Por eso las manos leen la prensa
y sin oler a tinta sudan
el hedor a puerto y a pescadería
evitando la violencia del agua
que nos acerca al olvido
con la misma persistencia de las olas.
Columna de la familia
Solloza Jung al margen de su coartada.
La cavidad del tiempo echa fuera de sí su descendencia,
la deposita junto a la miseria del bolsillo.
Aquí caben las palmeras y caben las playas,
como caben los Viernes Negros y los blue monday:
cuando no hay comida, no se tiene hambre.
Alrededor del fuego, el horizonte es de agua.
Los tiburones sacan su lengua tenebrosa:
los rosales no florecen cuando los ojos se inventaron
para salirse de su órbita. Sangre caliente baila.
Sangre caliente monta una yola
y cruza hacia la promesa de Puerto Rico,
pero esa isla muere todas las mañanas
cuando sus muertos futuristas se levantan
a buscar pan y gasolina.
Liberty no tiene todo lo que pensaba.
En cambio Jung da fe de que hay un sitio
donde podemos ir a buscar cubos de agua.
Los miserables no tienen sed,
caminan por la José Martí
vendiendo plátanos a diez y yuca a cinco.

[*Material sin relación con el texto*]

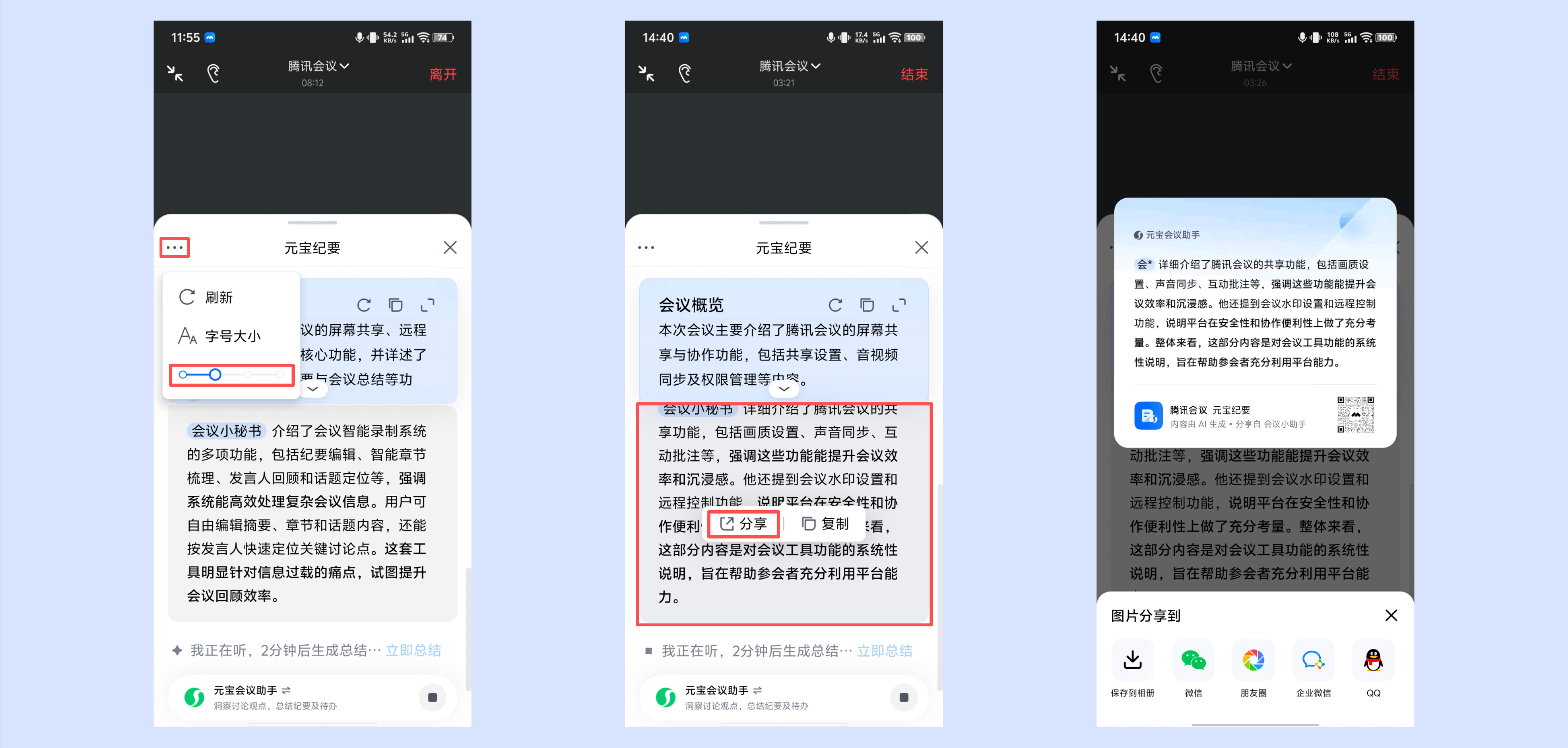 ⑤3.40及以上版本支持快捷分享纪要内容,可长按「元宝纪要」中需要分享的单条内容并点击分享按钮,即可生成「元宝纪要」图片进行分享。

Caminan por la Pedro Livio Cedeño a
brazando el Cementerio Nacional,
llorando junto a sus muertos la pena
de no poder nombrar otra calle.
La Abraham Lincoln, por ejemplo.
Allí se eleva el skyline y sus espejos desaniman e
l número ganador de lotería
que nunca amanecerá en mi cama.
Sucesos
La risa rueda por donde su cruz florece
aliento sin esencia
canto sin voz
llamando a una flor de nueve años.
A toda marcha va su sangre
tragándose la tierra que le escupió
y le quitó su cáscara, la forma de reír
de tumbar guayabas y colectar peces.
Ahora le llevan en sus colas.
y juega con ellos en el charco de la muerte.
Suplemento dominical
Cuando era niña me dio por visitar ancianos –será porque crecí sin abuelos– entonces mi inocencia visitaba a doña Negra que no era como yo, pero a mí no me llamaban niña Blanca. Doña Negra era ciega y su ceguera vivía en la carretera de Mandinga (la del Caribe claro, claro... pues África queda muy lejos para mudarse).

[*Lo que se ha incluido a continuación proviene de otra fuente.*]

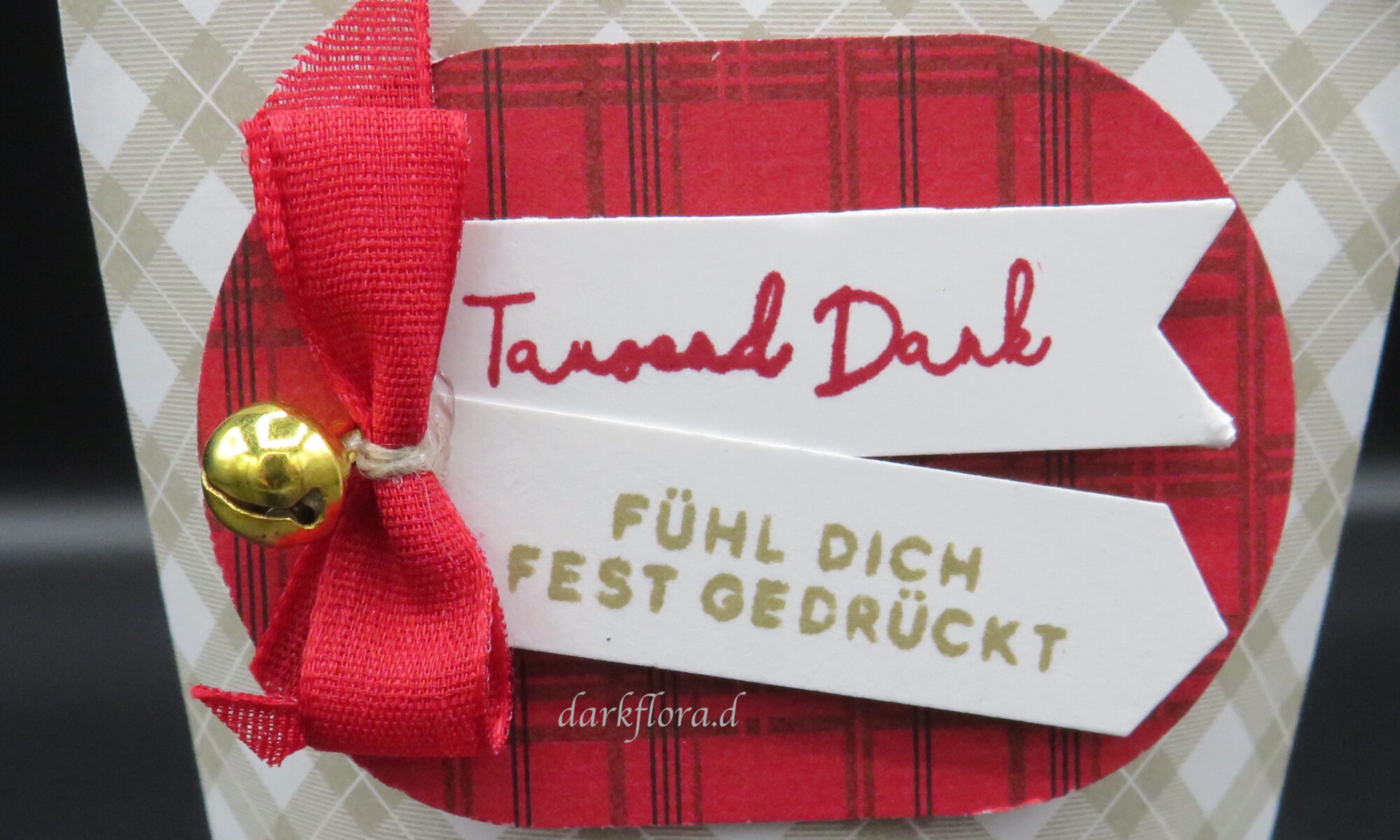 Für die Dekoration habe ich ein Label ausgestanzt und darauf zwei Sprüche aus dem Set „Fähnchen-Grüße Bundle“ mit der passenden Handstanze ausgestanzt.

Entonces Mandinga no era una calle con edificios de cuello largo. Si preguntas a mis pies, ellos dirían: «Mandinga era una línea eterna y polvorienta, un camino que nunca acababa de terminar». Y dirían, además, que visitar a las abuelas ajenas no tiene gracia. Menos si no pueden verte. Menos si no saben tu nombre.
El corazón diría otra cosa, por ejemplo: «Mandinga era una línea de casas de madera de negros que heredaron de sus abuelos el sabor amargo de la esclavitud». Porque Mandinga es más que una carretera polvorienta de mi memoria. Es el océano que llevó en su lomo a los esclavos hasta esta avenida caribeña y moderna.